Dissolved municipality in Miyagi prefecture, Japan

Location of Motoyoshi in Miyagi Prefecture

Motoyoshi (本吉町, Motoyoshi-chō) was a town located in Motoyoshi District, Miyagi Prefecture, Japan.

In 2003, the town had an estimated population of 11,716 and a population density of 109.80 persons per km^{2}. The total area was 106.70 km^{2}.

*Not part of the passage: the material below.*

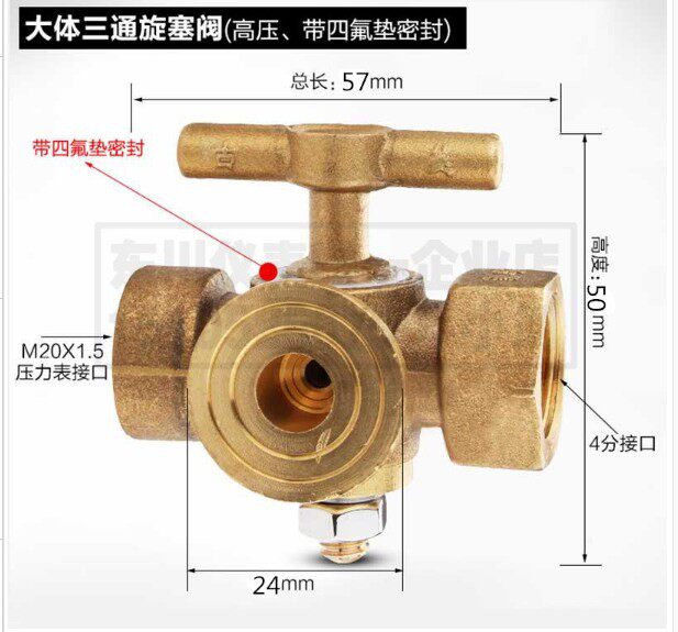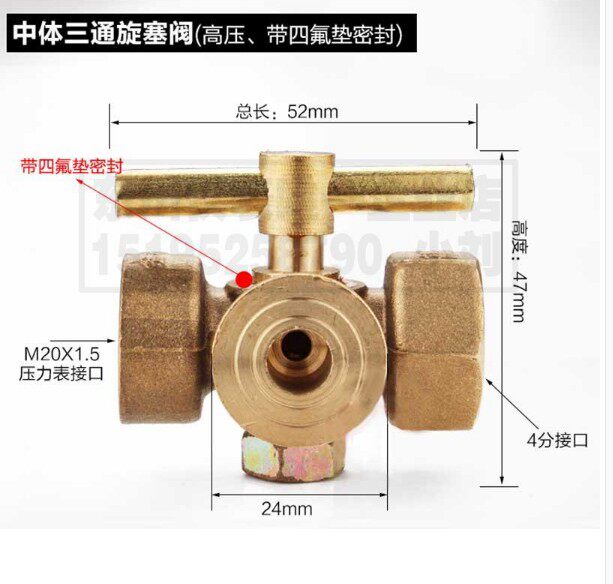 All copper thickness pressure gauge three-way plug valve Boiler pressure leakage coke M20*1 5 4 points

Motoyoshi was divided into four districts: Magome, Koizumi, Tsuya, and Ohya. Koizumi and Ohya were both home to spectacular beaches until the disaster of March 11. Tsuya constitutes "downtown" Motoyoshi. Fishing and farming are the main industries though a printing company is also a large local employer. Motoyoshi, like many of Japan's smaller towns, had a declining population as young people increasingly moved to the large regional cities of Kesennuma and Sendai, or further South to Tokyo.

The Motoyoshi Board of Education also employs Assistant Language Teachers (ALTs) that teach English at the local Elementary and Junior High Schools.

A planned merger of municipalities was implemented on September 1, 2009; Motoyoshi was merged into the expanded city of Kesennuma.

==Transportation==
===Rail===
- Kesennuma Line: Kurauchi - Rikuzen-Koizumi - Motoyoshi - Koganezawa - Ōyakaigan

Kesennuma Line is now replaced by a bus service.